How one teacher learned AI programming and lit a path for young coders
February 3, 2020
Erin Song, a science, technology, engineering, arts and math (STEAM) teacher in North Carolina, admits that less than a year ago she wasn’t entirely sure what the AI field of deep learning was or how it worked. But after a few months of online study, she packed up her 11-year-old son and their weekend bags and traveled to Northern California in August to compete in a 48-hour deep learning hackathon.
Her four-person team, which also included a computer science grad and a data scientist, took one of the top three awards with their platform, MineTorch. MineTorch teaches children how to use deep learning, the rapidly growing AI field that powers everything from speech recognition systems in smartphones to navigation systems in autonomous vehicles.

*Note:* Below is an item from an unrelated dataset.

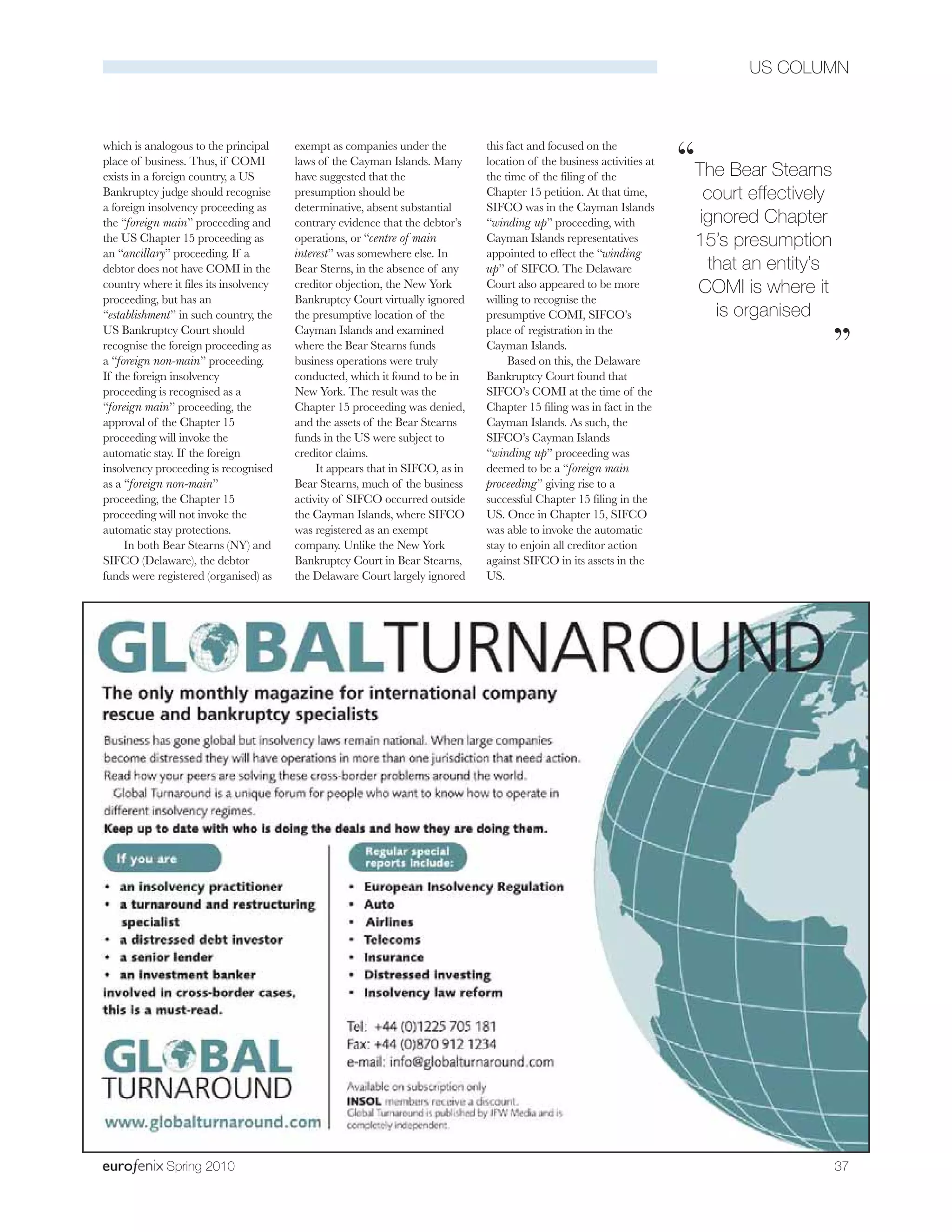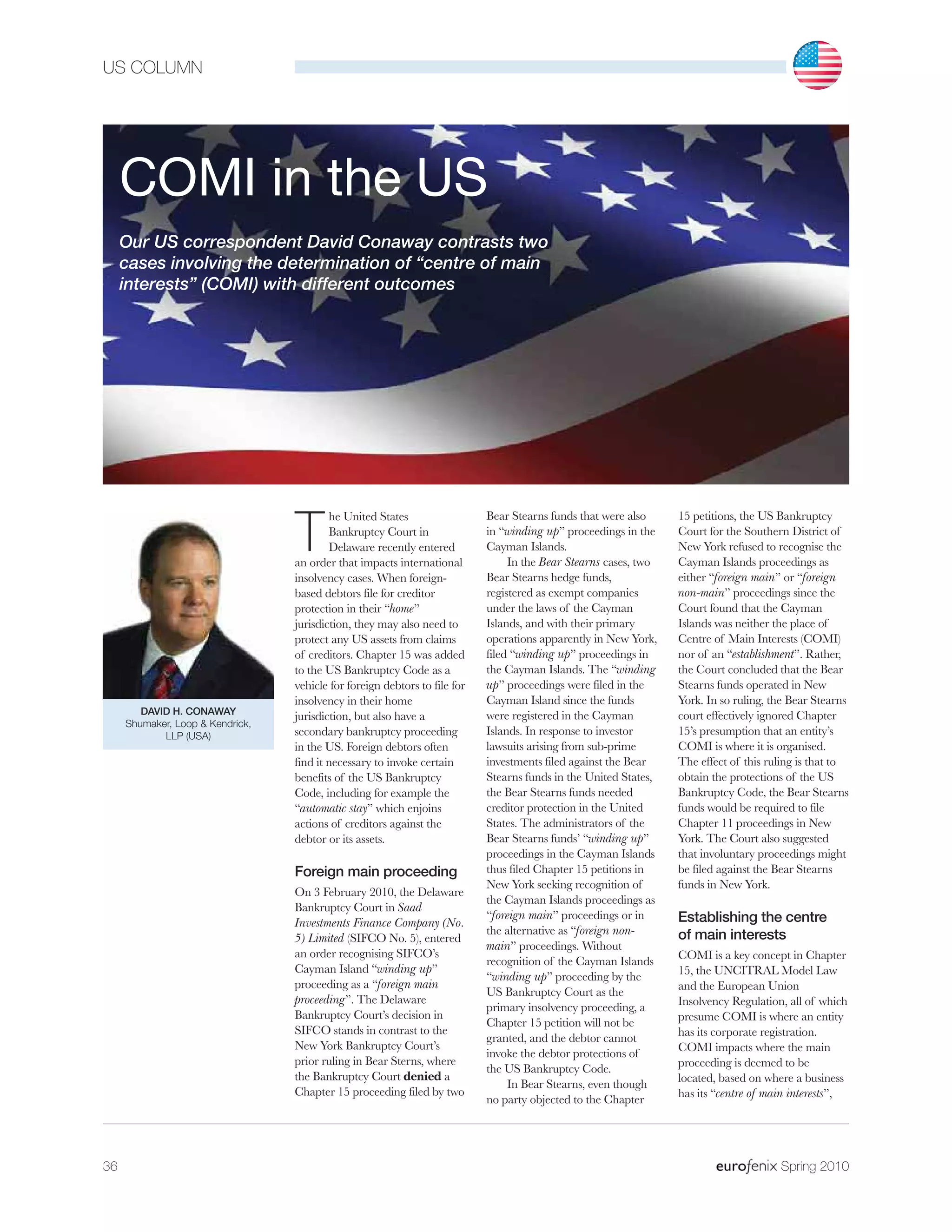 The document discusses two US bankruptcy court cases - Bear Sterns and SIFCO - that dealt with determining the "centre of main interests" (COMI) of foreign companies filing for insolvency protection. In Bear Sterns, the NY bankruptcy court denied recognizing the Cayman Islands winding up proceedings as the foreign main proceeding, as it determined the hedge funds' COMI was in New York, not Cayman Islands. In contrast, the Delaware bankruptcy court in SIFCO recognized the Cayman Islands winding up proceeding as the foreign main proceeding, focusing on the location of activities at the time of filing rather than historical business activities. The determination of a company's COMI is important for whether foreign insolvency proceedings can be

By the next evening, judges declared three winners out of the 24 submitted entries. First place went to learn2learn, a meta-learning library that makes reinforcement learning easier. Second place went to HelloWorldNet, a search engine that explores tens of thousands of stars to help hunt for new planets. And third place went to MineTorch.

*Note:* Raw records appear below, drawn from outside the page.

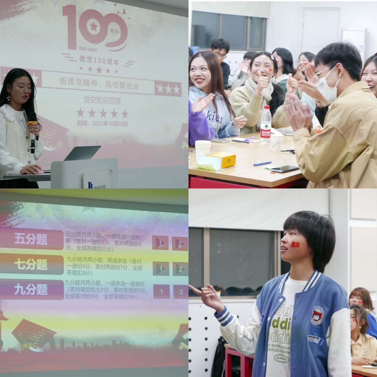 (通讯员:柳帆 吴一攸)为纪念中国共产党成立一百周年,认真贯彻落实集团秋季读书周“学党史”“悟思想”的要求,10月28日晚,bv伟德2021级新闻学本科班组织开展党史知识竞赛活动,班级全部47名同学及辅导员、班主任参与了此次活动。
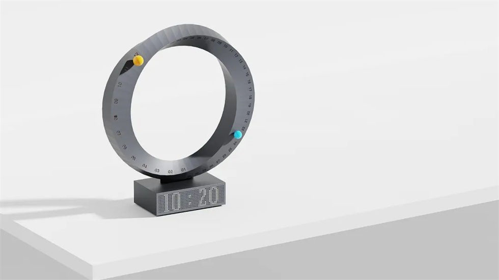 使用兩個(gè)浮動(dòng)彈珠來報(bào)時(shí),黃色代表太陽,指向一個(gè)月;藍(lán)色象征地球,指向每一天。隨著時(shí)間的推移,撥動(dòng)彈珠,可以永遠(yuǎn)“繞”著莫比烏斯環(huán)軌道運(yùn)行。
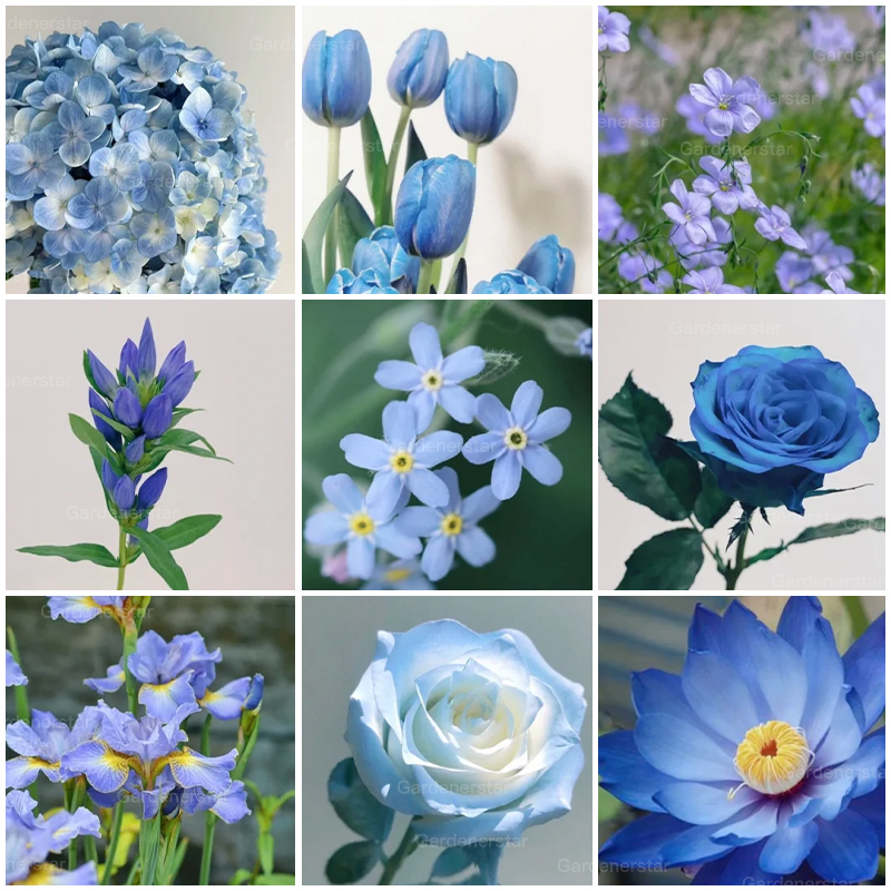A monochromatic mix of all shades of Blue Flowers
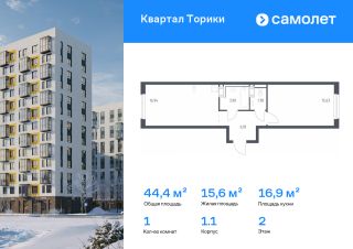 Строим кварталы для жизни с заботой о будущем. Предлагается 1-комнатная квартира комфорт-класса 44,43 кв.м в корпусе 1.1 на 2 этаже, в ЖК "Квартал Торики"
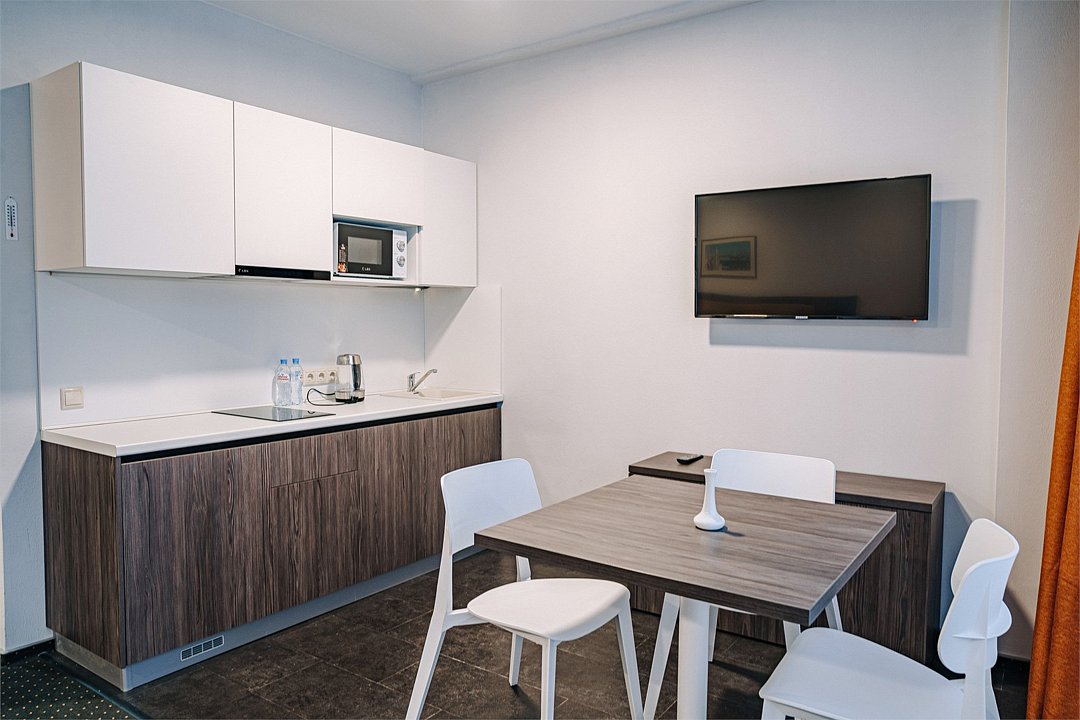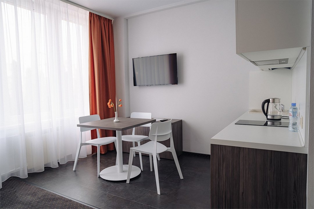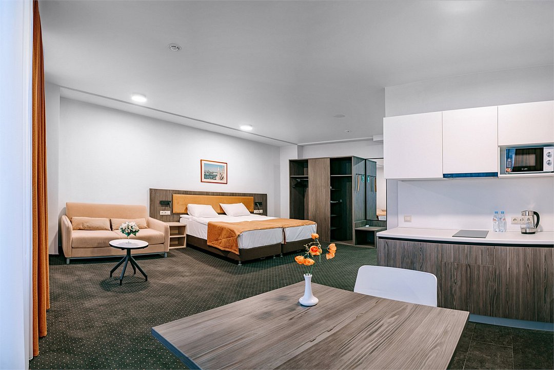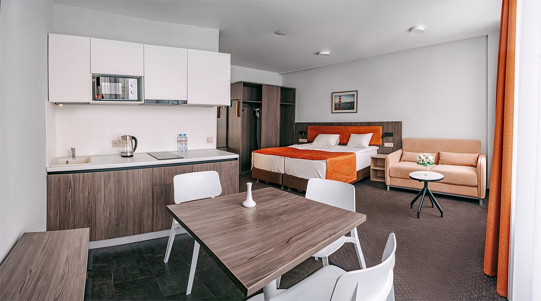 Просторный многофункциональный однокомнатный номер категории студия с кухней, европейский дизайн, подходит для комфортного размещения, в том числе для длительного проживания.Услуги и удобства
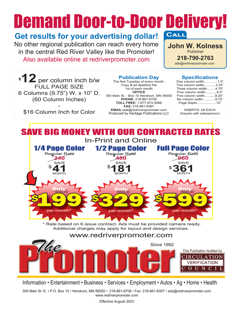 At Heritage Publications LLC, we guarantee your advertisement reaches a targeted audience through strategic distribution and direct mail services. Our publication, The Promoter, is delivered to 42 communities in the Red River Valley, ensuring your message reaches potential customers in your desired locations. As an audited publication, we provide verified data, giving you peace of mind knowing exactly where your advertisement lands. Interested in a targeted advertising approach? Connect with us to tailor your advertising strategy.
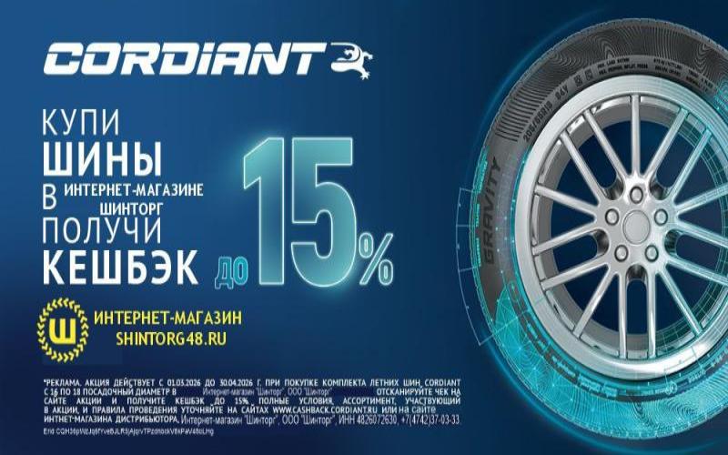 • 15% (пятнадцать процентов) на летние шины Cordiant с 17 по 18 дюйма с 01.03.2026 г. по 30.04.2026 г. включительно
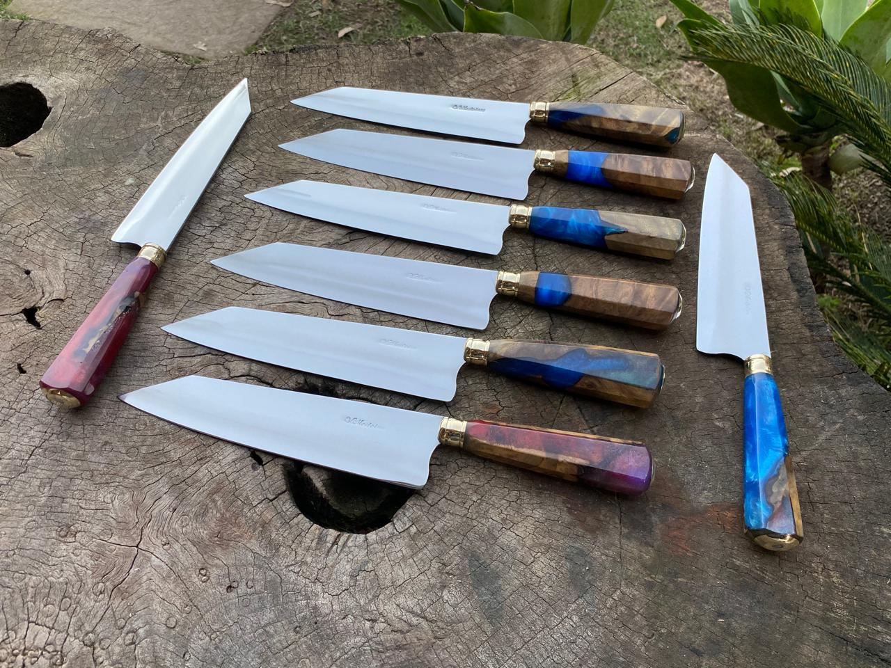 We work mostly with three different types of steel: Carbon Steel, Stainless Steel and Damascus Steel. Every knife will have its own treatment to reflect on its utility and style. Handles will be made of Native Brazilian Hardwood (Acacia, Jacaranda, Pau Brasil, Violet Rosewood), Custom Resin, Bone or Deer Horn.

That’s no small feat: There were 77 contestants — most of them AI researchers, machine learning engineers, computer science grad students and people who work in companies already applying machine learning — joining in the friendly competition. At the time of the event, which was hosted at Facebook’s Menlo Park, California, campus, Song had only three months of machine learning experience under her belt. “I was never focused on winning, because I’m a beginner,” she says. “This was just supposed to be a learning adventure. I wanted to show my son what humans are capable of doing.”
AI, machine learning, and deep learning are familiar terms to anyone who has experience with voice assistants, chatbots, email filtering, and other applications that learn to recognize complex patterns in data. But even savvy technology fans often find the field somewhat mysterious. Song says her hackathon success shows that with the right educational tools — along with plenty of focus, determination and help from a supportive team — it’s possible to master these concepts and apply them to real-world solutions.
The hackathon required participants — most of whom teamed up upon arrival — to create something that would have a positive impact on people or accelerate research using PyTorch, an open source deep learning framework. Researchers and developers at companies use PyTorch to build, train, and deploy machine learning models for applications in domains such as computer vision and natural language processing. PyTorch code is similar to programming in the popular Python programming language, which makes it easier to start building and training ML models.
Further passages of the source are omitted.